Instructions for the task :: Leaving out each picture, transcribe the lines of the listing below exactly from the first through the line that contains "Säljer fem snygga".

Material shown ::
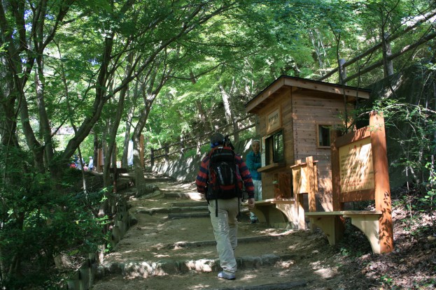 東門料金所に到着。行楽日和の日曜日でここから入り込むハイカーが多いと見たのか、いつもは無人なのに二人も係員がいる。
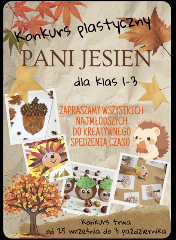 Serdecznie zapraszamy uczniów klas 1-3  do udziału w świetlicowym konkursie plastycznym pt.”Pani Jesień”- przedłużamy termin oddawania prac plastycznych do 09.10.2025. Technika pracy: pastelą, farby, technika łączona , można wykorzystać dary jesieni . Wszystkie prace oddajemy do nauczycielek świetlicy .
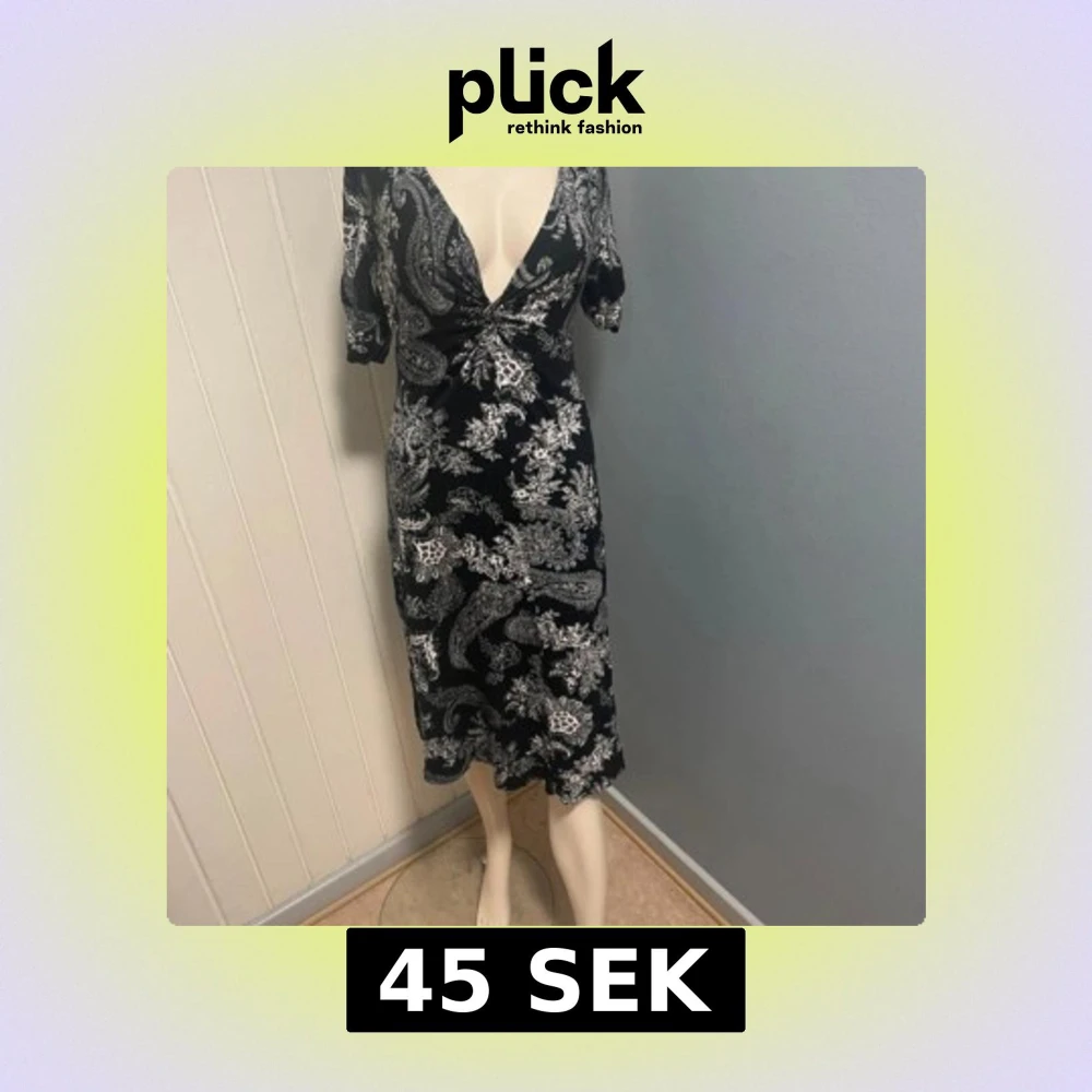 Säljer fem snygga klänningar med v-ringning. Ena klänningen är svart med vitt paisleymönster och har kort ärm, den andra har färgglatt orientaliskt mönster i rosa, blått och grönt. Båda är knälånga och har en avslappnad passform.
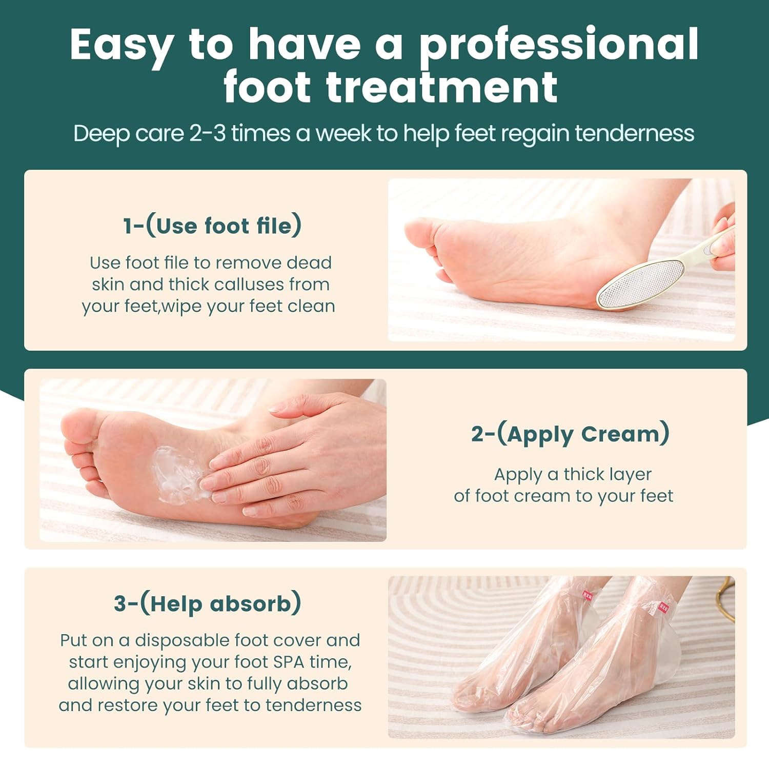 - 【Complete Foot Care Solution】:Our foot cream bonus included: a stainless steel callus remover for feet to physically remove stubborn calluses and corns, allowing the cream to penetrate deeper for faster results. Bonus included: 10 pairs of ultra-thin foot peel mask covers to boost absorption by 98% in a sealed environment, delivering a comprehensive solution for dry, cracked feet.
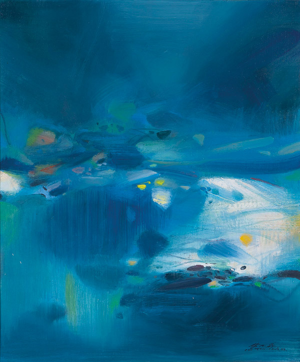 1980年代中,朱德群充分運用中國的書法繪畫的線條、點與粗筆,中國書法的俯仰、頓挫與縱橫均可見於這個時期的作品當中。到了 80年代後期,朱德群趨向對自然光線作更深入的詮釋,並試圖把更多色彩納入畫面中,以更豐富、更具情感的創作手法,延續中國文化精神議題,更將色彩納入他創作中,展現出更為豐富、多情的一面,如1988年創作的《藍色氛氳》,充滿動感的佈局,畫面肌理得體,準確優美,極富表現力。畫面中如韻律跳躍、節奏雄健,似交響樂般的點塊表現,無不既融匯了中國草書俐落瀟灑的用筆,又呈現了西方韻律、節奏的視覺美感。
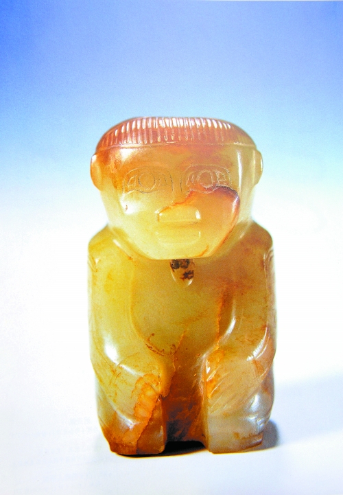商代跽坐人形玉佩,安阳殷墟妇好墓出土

Answer section ::
 東門料金所に到着。行楽日和の日曜日でここから入り込むハイカーが多いと見たのか、いつもは無人なのに二人も係員がいる。
 Serdecznie zapraszamy uczniów klas 1-3  do udziału w świetlicowym konkursie plastycznym pt.”Pani Jesień”- przedłużamy termin oddawania prac plastycznych do 09.10.2025. Technika pracy: pastelą, farby, technika łączona , można wykorzystać dary jesieni . Wszystkie prace oddajemy do nauczycielek świetlicy .
 Säljer fem snygga klänningar med v-ringning. Ena klänningen är svart med vitt paisleymönster och har kort ärm, den andra har färgglatt orientaliskt mönster i rosa, blått och grönt. Båda är knälånga och har en avslappnad passform.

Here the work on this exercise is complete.